The cross follows the ‘A Day at The Races’ bangle (pictured), inspired by Goodwood racecourse, Lalique jewellery from the turn of the last century and a longstanding relationship supporting St Wilfrid’s Hospice.

While planning a donation towards the charity’s raffle, owner Timothy had spotted a bracelet decorated with a frame of trees and Art Nouveau enamel, which he decided to give a Sussex twist.

A few sketches later, bearing in mind the Goodwood venue for the hospice’s upcoming 25th anniversary celebration, the design was formed and work on the epic project began.

The result, in my own humble opinion, is the most beautiful piece of jewellery I have ever seen.

Clearly not afraid of a challenge, Chris reveals plans are ongoing for the next Chichester creation.
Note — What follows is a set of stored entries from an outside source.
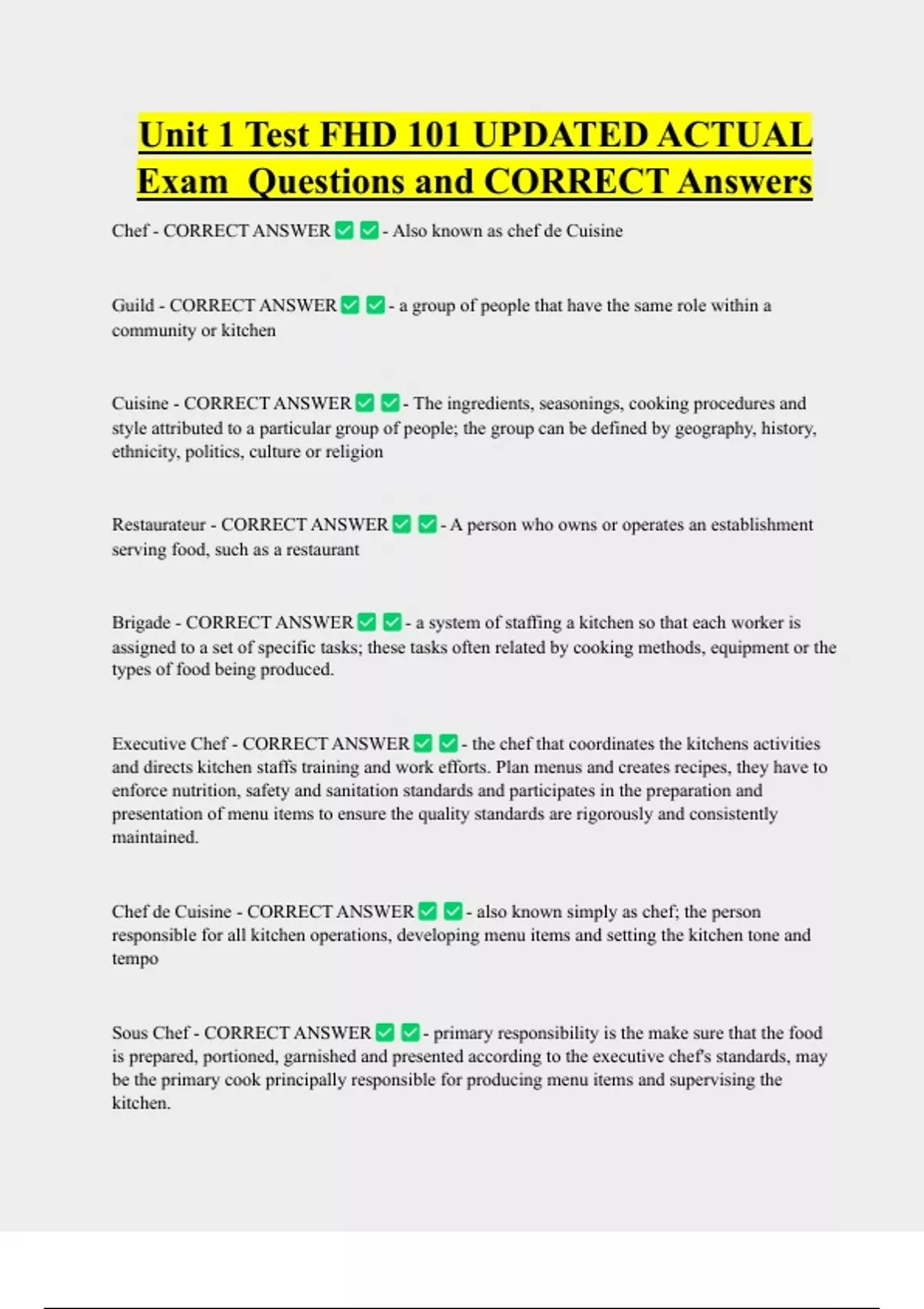 Unit 1 Test FHD 101 UPDATED ACTUAL Exam Questions and CORRECT Answers Chef - CORRECT ANSWER Guild - CORRECT ANSWER community or kitchen Cuisine - CORRECT ANSWER - Also known as chef de Cuisine - a group of people that have the same role within a - The ingredients, seasonings, cooking procedures and style attributed to a particular group of people; the group can be defined by geography, history, ethnicity, politics, culture or religion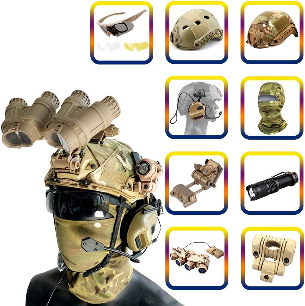 [Product Attributes]-Item: FAST four-hole night vision helmet set-Helmet material: ABS plastic-Features: Light weight, shock absorption-Comfortable ventilation holes, strong adhesive Velcro- Adjustable size: comfortable to wear. Suitable for head circumference 52-60 cm.-Applicable range: safety and defense, tactical sports, military fans collection, etc.-Ergonomic headband-Helmet components include:A: FAST helmet, helmet cloth, headgearB: FAST helmet, helmet cloth, headgear, large flashlight clip + flashlightC: FAST helmet, helmet cloth, headgear, large flashlight clip + flashlight, goggles (3 pieces)D: FAST helmet, helmet cloth, headgear, large flashlight clip + flashlight, goggles (3 lenses), tactical headsetE: FAST helmet, helmet cloth, headgear, large flashlight clip + flashlight, goggles (3 lenses), tactical headset, L4G24 dump truck, four-tube night vision modelF: FAST helmet, helmet cloth, headgear, large flashlight clip + flashlight, goggles (3 lenses), tactical headset, dump truck, two-tube night vision device modelG: FAST helmet, helmet cloth, headgear, large flashlight clip + flashlight, tactical headset, L4G24 dump truck, four-tube night vision model, mask wind goggles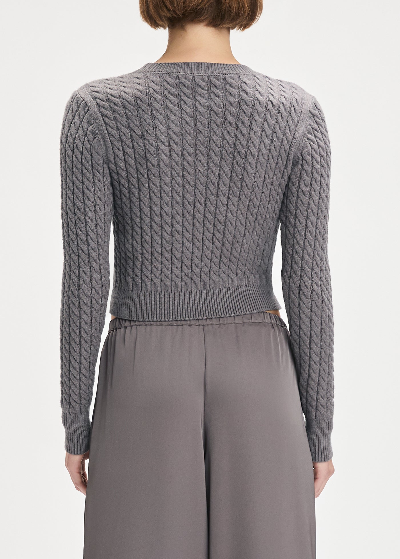 Cropped with a classic fit and fine cable stitching, this long-sleeve sweater is knit from a soft viscose blend that feels as good as it looks. For a favorite look, pair it with The Effortless Wide Leg in matching Grey Shadow.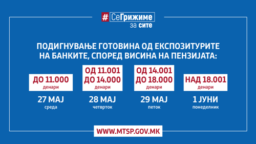 - Во среда, на 27.05.2020 година исплата на пензии со висина до 11.000 денари;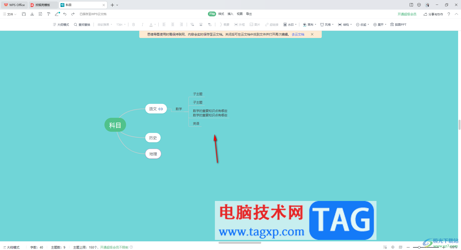1.首先进入到WPS思维导图中,将自己需要编辑的内容进行创建好。
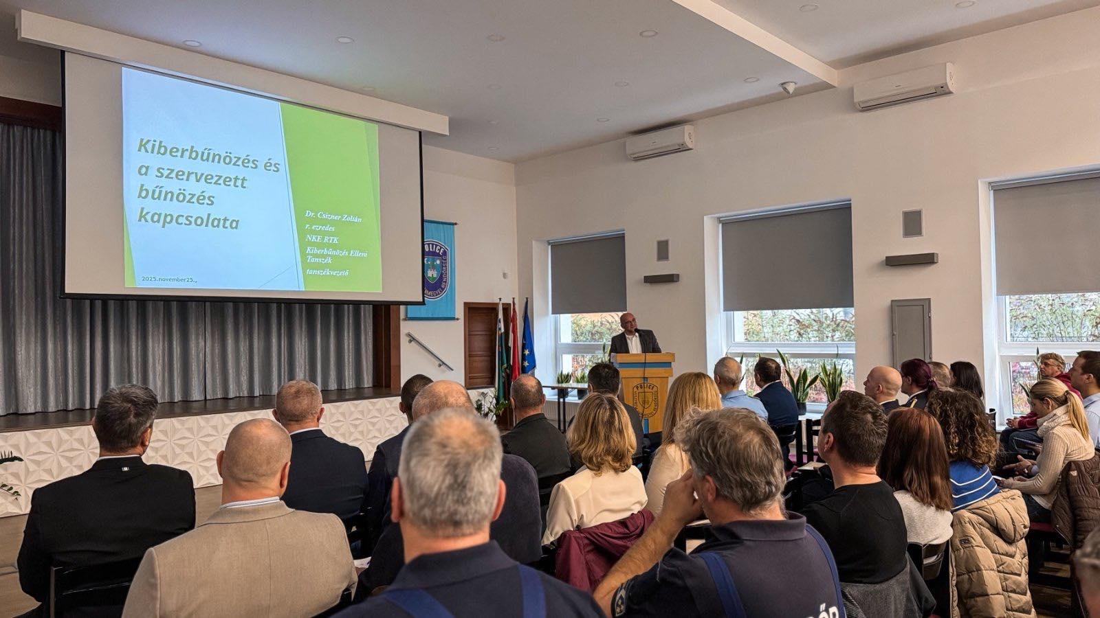 A főkapitányság által november végére, a bűnügyi szolgálata munkatársainak szervezett eseményén előadott karunk Kiberbűnözés Elleni Tanszékének vezetője, Csizner Zoltán r. ezredes is.

“We were going to do the cathedral as well as the cross and got part way through,” he smiles. “We haven’t finished it yet - as you can imagine it is a mammoth task, but it could be a case of watch this space.

“Pieces like these give Tim a creative outlet, these things tend to be his brainchilds.”

While the technology can look almost as fiddly as the intricate diamond setting happening on the floor above, Chris, who has been with the business for nearly five years, says he ‘found it came naturally’.

“It just suits how my brain works,” he reasons, naming his favourite program as one called ‘ZBrush’. “It is like working with clay, we can bend it, pull it.”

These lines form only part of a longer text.